The Extract feature is the core functionality of Stract Data, allowing you to extract structured data from HTML documents using advanced AI models. This feature eliminates the need for manual HTML parsing and fragile selectors, providing a reliable and scalable solution for data extraction.

Features

  • Extract structured data from HTML documents
  • Process and normalize the extracted data
  • Scale your extraction needs automatically
  • AI-powered understanding of content context and structure

API Endpoint

POST /extract

Extract structured data from an HTML document based on your specified output schema.

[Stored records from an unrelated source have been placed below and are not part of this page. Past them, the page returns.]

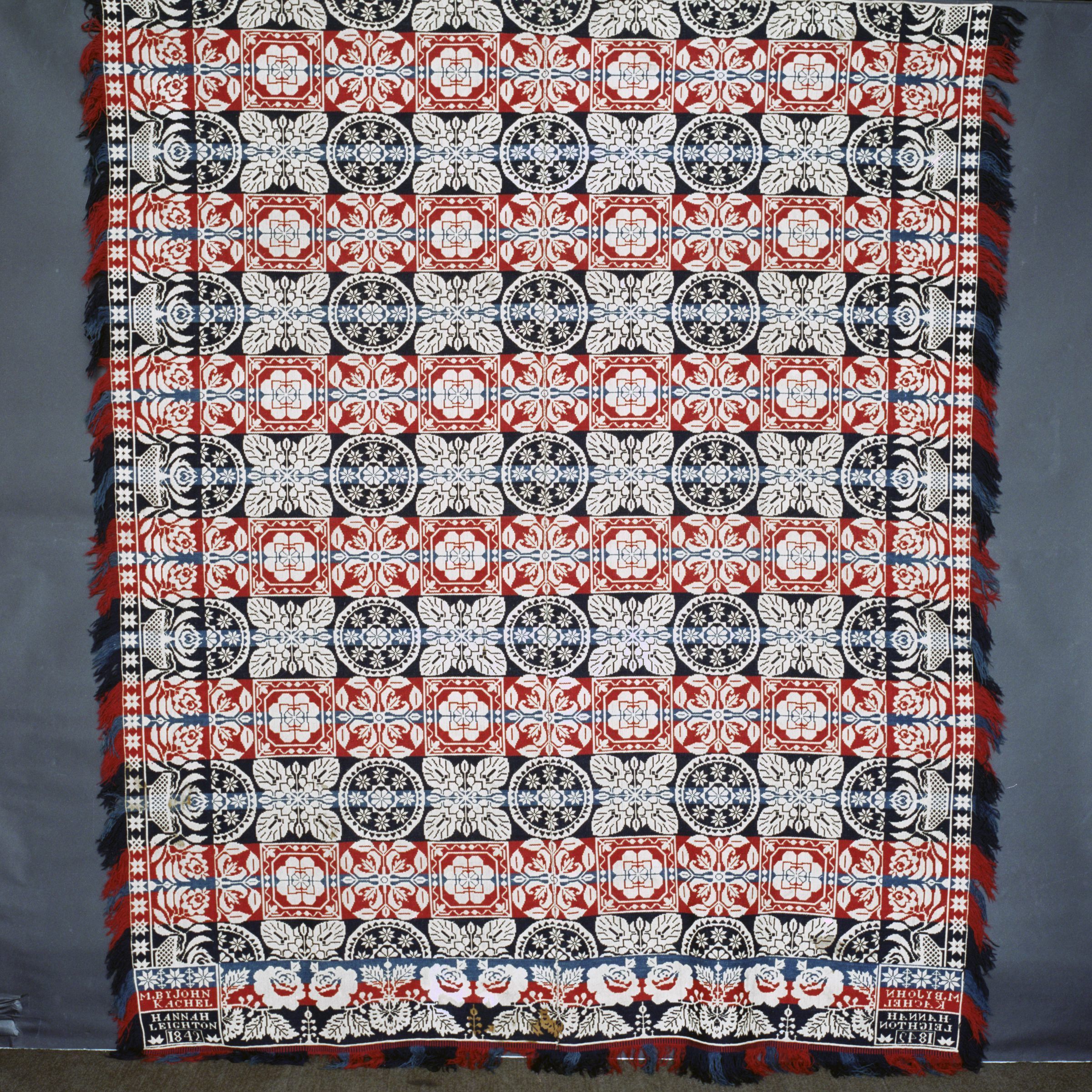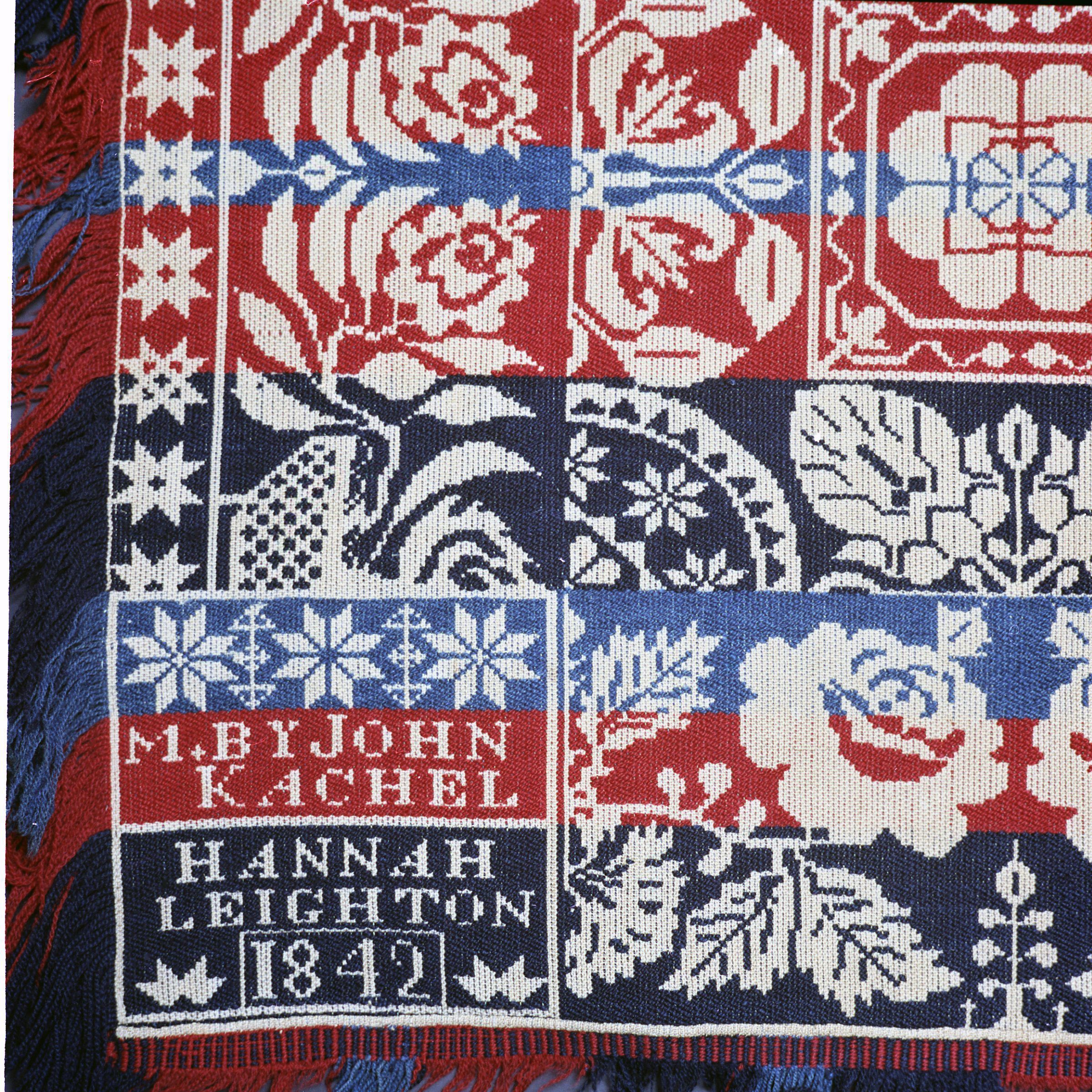 navy, light blue, red; tied Biederwand; two loom widths joined; fringe on 3 sides; star and floral bouquet border; centerfield of geometrically positioned medallions; 2 signature corner blocksCollection
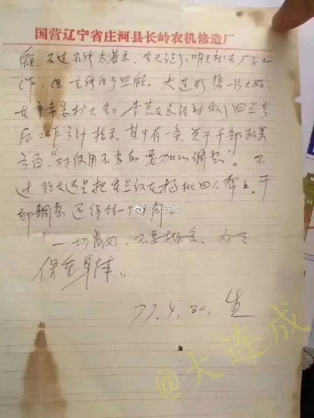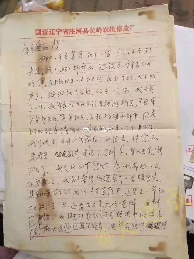 第二、第三张图片是一封信,信纸上带有“国营辽宁省庄河县长岭农机修造厂”字样。
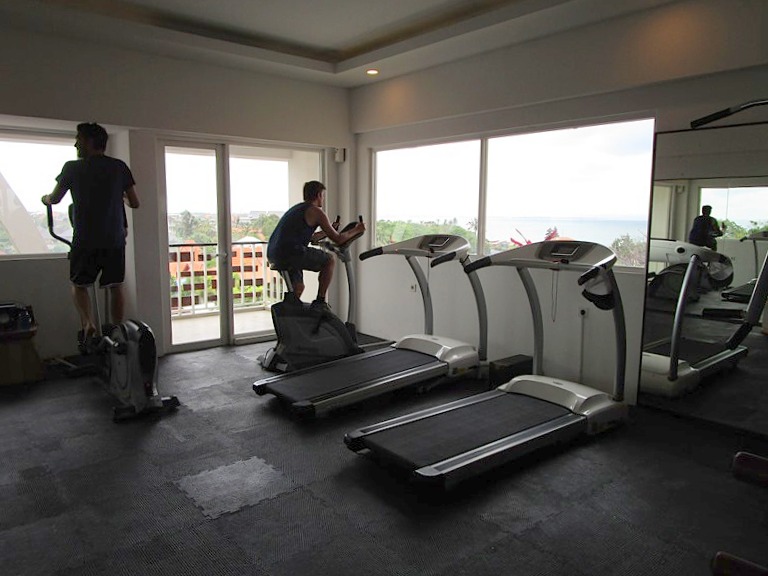そして、朝食会場でもある、メインレストランは屋上なのですがその前に●ジムを見学。海が見えるのでより頑張れそう。
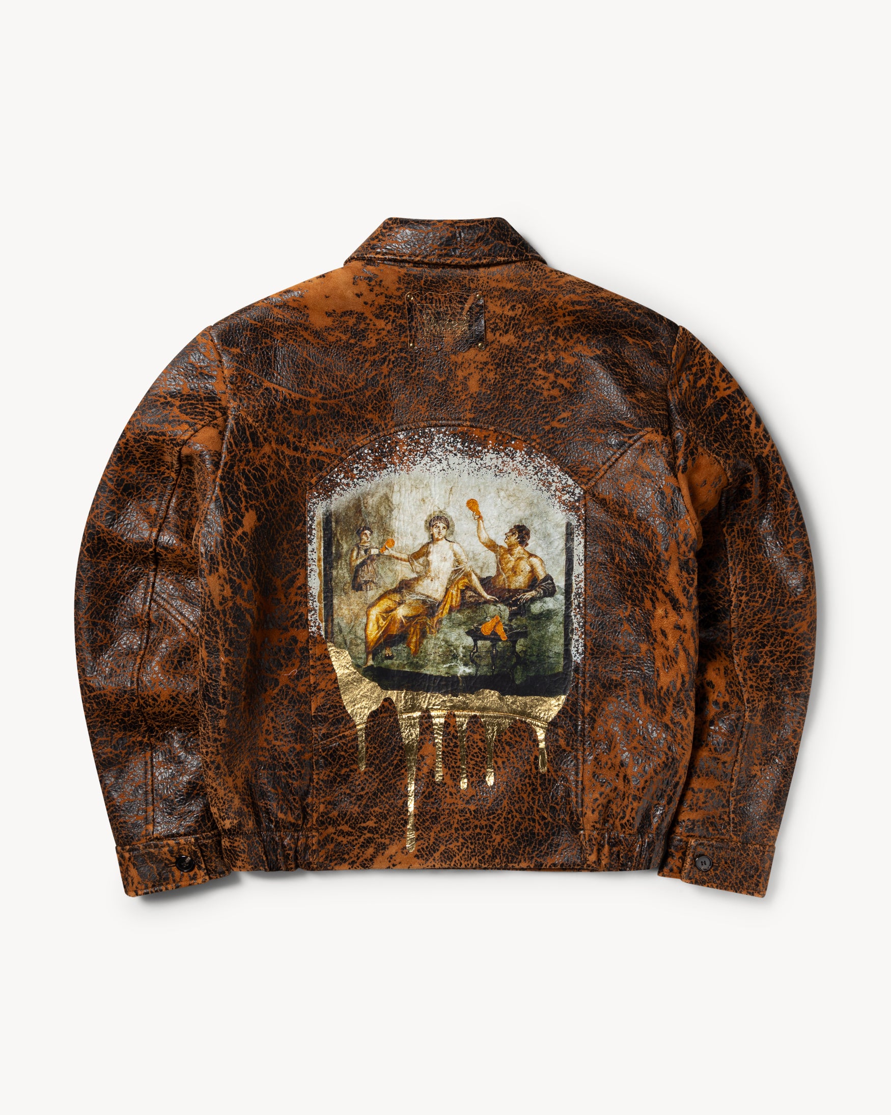 Premium coach jacket with classic Western-inspired detailing, crafted in distressed lamb leather for a vintage-effect finish. Features an Aries x KFC Temple Drip logo on the front and a full-colour fresco graphic across the back, combining matte ink with gold foil accents for a rich, textured look.
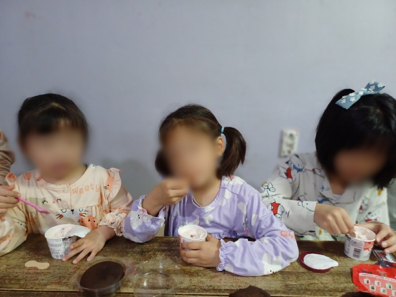아이들은 간식이 너무 맛있다며 후원자 분들께 감사하는 시간을 가지며
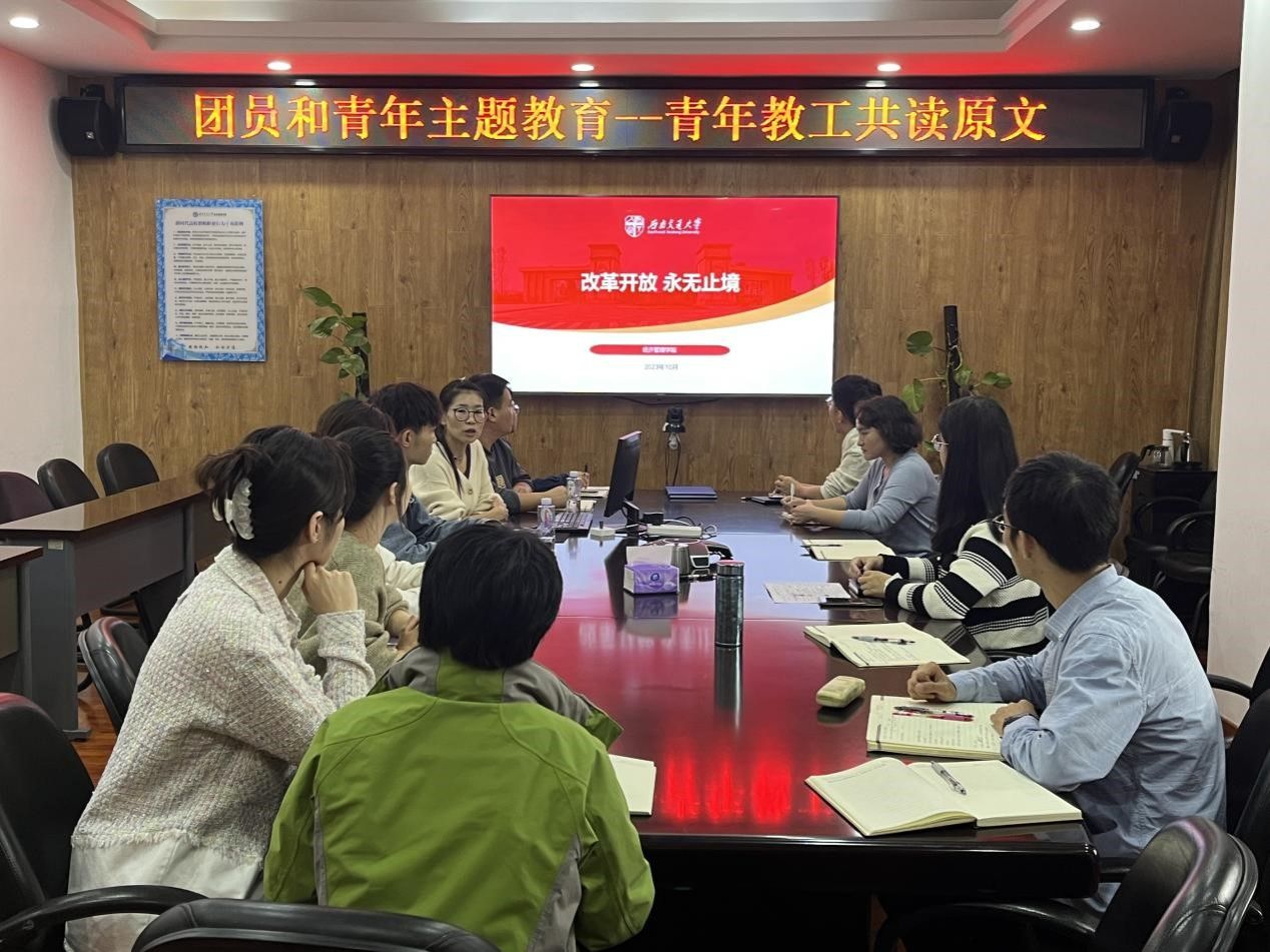 本次活动的主题是共同阅读习近平总书记于2012年12月在广东考察时的讲话《改革开放永无止境》。各位老师在仔细阅读了全文后,学院团委书记贾佳带领全体青年教师对讲话的背景、讲话内容中涉及的改革开放领域、改革开放的阻力以及如何推行改革开放等问题进行学习。
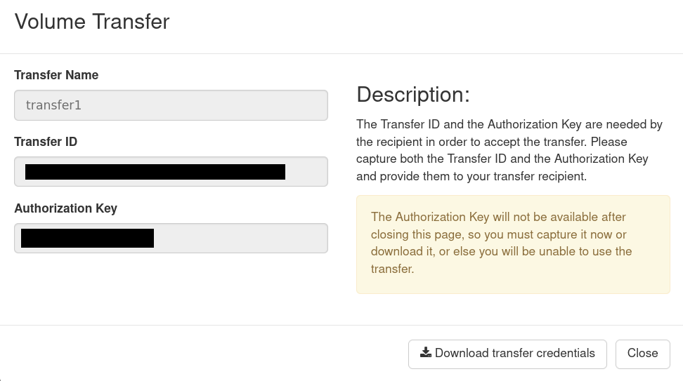 4. New volume transfer is created. You will need Transfer ID and Authorization Key. You can download them to your computer using Download transfer credentials.
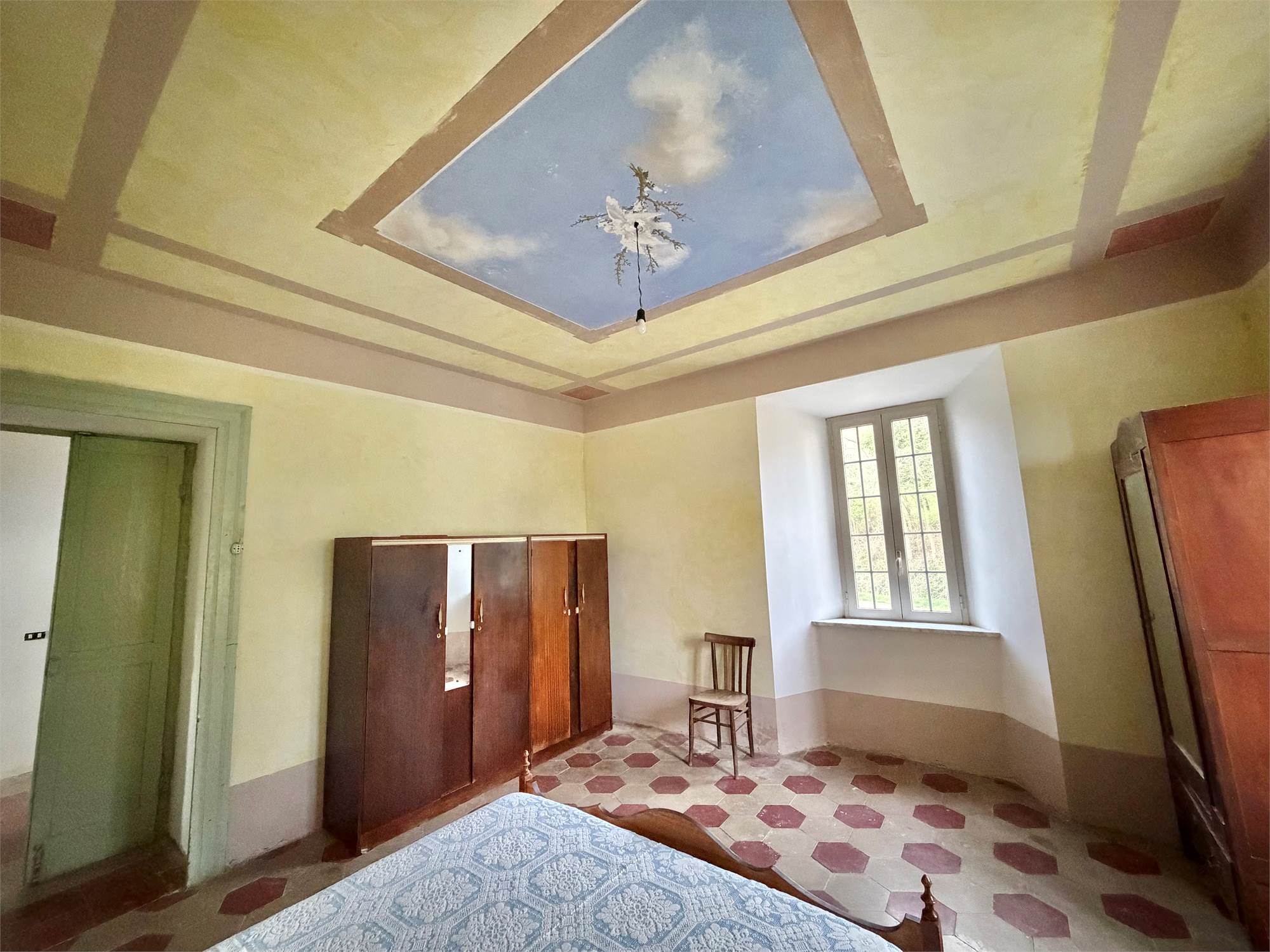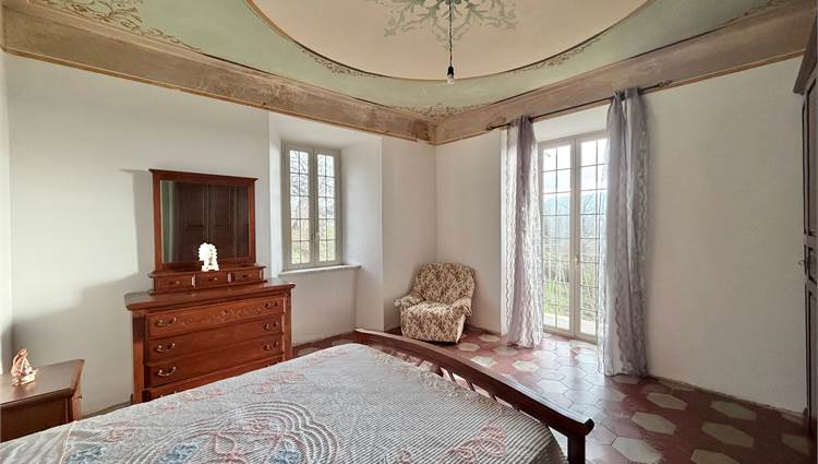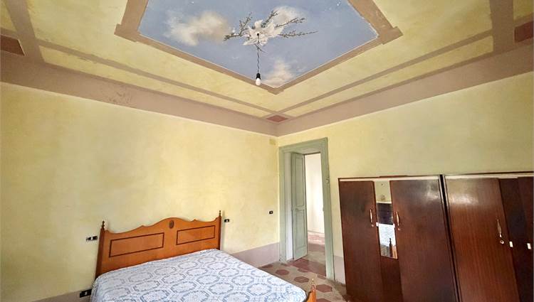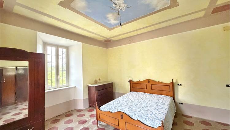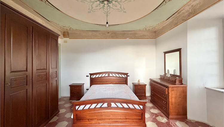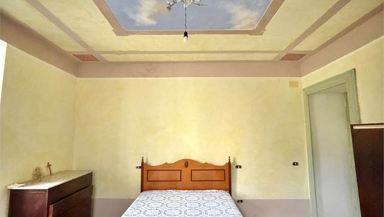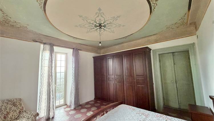 Attraverso una comoda scala si accede alla zona notte, dove troviamo due camere da letto di generose dimensioni, impreziosite da splendidi affreschi sui soffitti che conferiscono agli ambienti un fascino unico e senza tempo. Completa il piano un bagno con doccia e un comodo balcone.
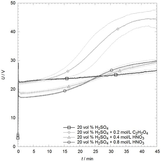 Voltage curves for the galvanostatic anodic oxidation process (current density: 3 A/dm2) in the sulphuric acid base electrolyte with and without various additions. The thin lines represent the 66% confidence intervals, i.e., the standard deviation.
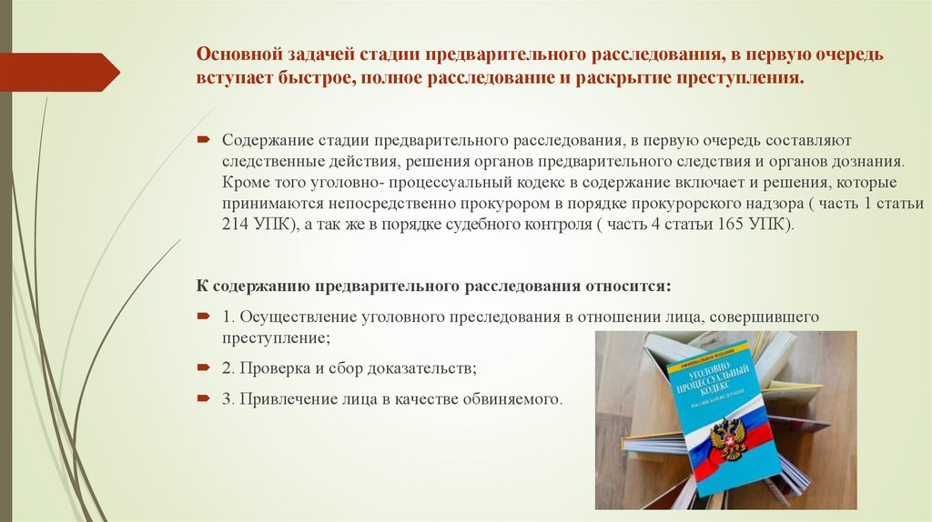 Основной задачей стадии предварительного расследования, в первую очередьвступает быстрое, полное расследование и раскрытие преступления.

Endpoint: https://api.stractdata.com/v1/extract

Headers:

  • Content-Type: multipart/form-data
  • api-key: API_KEY

Parameters:

  • file: The HTML file to process (multipart/form-data)
  • outputSchema: JSON schema defining the structure of the output data

Example Request

Given the following JSON schema:

{
  "type": "object",
  "properties": {
    "title": {
      "type": "string"
    },
    "price": {
      "type": "number" 
    },
    "description": {
      "type": "string"
    },
    "features": {
      "type": "array",
      "items": {
        "type": "string"
      }
    }
  },
  "required": [
    "title",
    "price", 
    "description",
    "features"
  ]
}

You can use the following request to extract the structured data from the HTML document called input.html:

curl -X POST https://api.stractdata.com/v1/extract \
  -H 'Content-Type: multipart/form-data' \
  -H 'api-key: API_KEY' \
  -F file=@/input.html \
  -F 'outputSchema={"type":"object","properties":{"title":{"type":"string"},"price":{"type":"number"},"description":{"type":"string"},"features":{"type":"array","items":{"type":"string"}}},"required":["title","price","description","features"]}'

Then the response will be:

{
  "result": {
    "title": "Example Product",
    "price": 99.99,
    "description": "A great product description",
    "features": ["Feature 1", "Feature 2", "Feature 3"]
  },
  "metadata": {
    "tokens": {
      "input": 150,
      "output": 75,
      "total": 225
    },
    "timeSpent": 1234
  }
}

Billing and Usage Tracking

Stract Data tracks your usage based on tokens processed during extraction:

  • Input Tokens: Number of tokens in the input HTML content
  • Output Tokens: Number of tokens in the extracted structured data
  • Total Tokens: Sum of input and output tokens

Only the output tokens are charged.

Usage History

You can track your extraction history in the dashboard extract section, which includes:

  • Date of extraction
  • Number of tokens used
  • Time spent processing

This information helps you monitor your usage and optimize your extraction processes.